About 200 people have already been arrested and four corporations are being investigated. But that is no comfort to those suffering from the effects of smog in the country, which has the world's third most expansive tropical rainforests after Brazil and the Democratic Republic of the Congo, or in neighbouring Singapore and Malaysia. There are concerns deteriorating air quality will affect the staging of the Formula One world championship car race in Singapore this weekend, a major tourism draw.
If the tens of thousands of firefighters deployed and efforts to induce rain by seeding clouds do not bring swift results, there is a danger of a repeat of the disaster in 2015, when haze from fires that razed 2.6 million hectares of land blanketed the region as far as Thailand and the Philippines, leading to 100,000 premature deaths in Indonesia and economic losses of US$16 billion.

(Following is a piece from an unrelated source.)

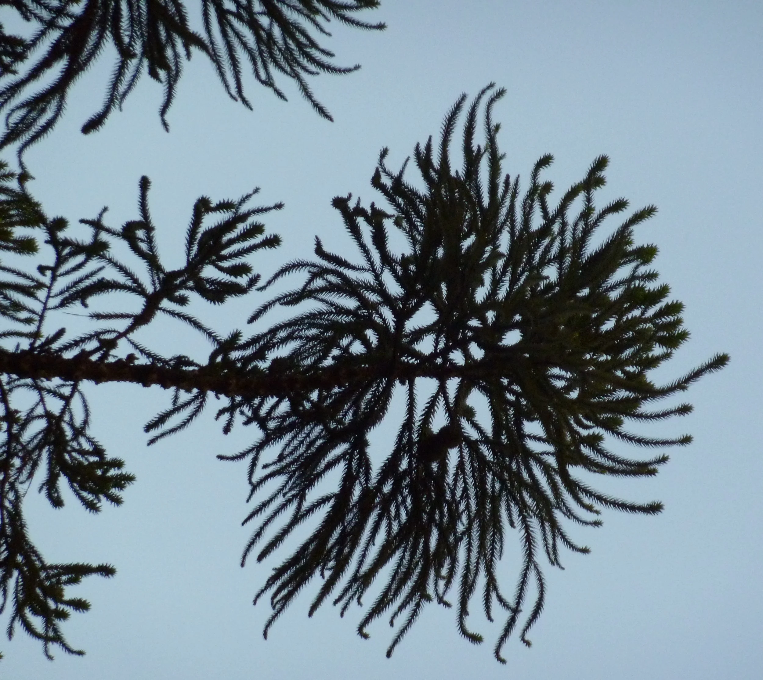 Quand il est jeune, cet arbre est tellement régulièrement étagé et raide qu’on pourrait le prendre pour un arbre de Noël en plastique! A le regarder de plus près, on voit que le tronc et les branches sont couverts d’écailles triangulaires disposées en spirale, dures et piquantes. Cette véritable armure servait de protection contre les grands herbivores du jurassique, époque à laquelle ce conifère était largement répandu. Elle vaut à cet arbre le nom de ‘désespoir des singes’ en français ou ‘Monkey Puzzle Tree’ en anglais; impossible pour un singe d’y grimper ou de sauter de branche en branche! Voilà un nom bien peu flatteur pour un arbre qui est le symbole du Chili et l’arbre nourricier de tout un peuple: Araucaria araucana.

The fires are mostly the result of the burning of vegetation for palm oil and pulp wood plantations. But the economically lucrative nature of those operations make Indonesia's forests vulnerable to illegal clearing, as has been happening with the devastating blazes in the Amazon. Environmental groups claim that a moratorium on new forest clearing in place since 2011 is failing due to poor oversight, a lack of official transparency and corruption. An estimated 328,000 hectares of land have already been burnt this year.
Widodo said last month that he was "embarrassed" by the fires, which have caused a diplomatic rift with Indonesia's neighbours. Experts predict the wet season could be delayed until November. Rules and protections are failing; they need to be strengthened and better enforced.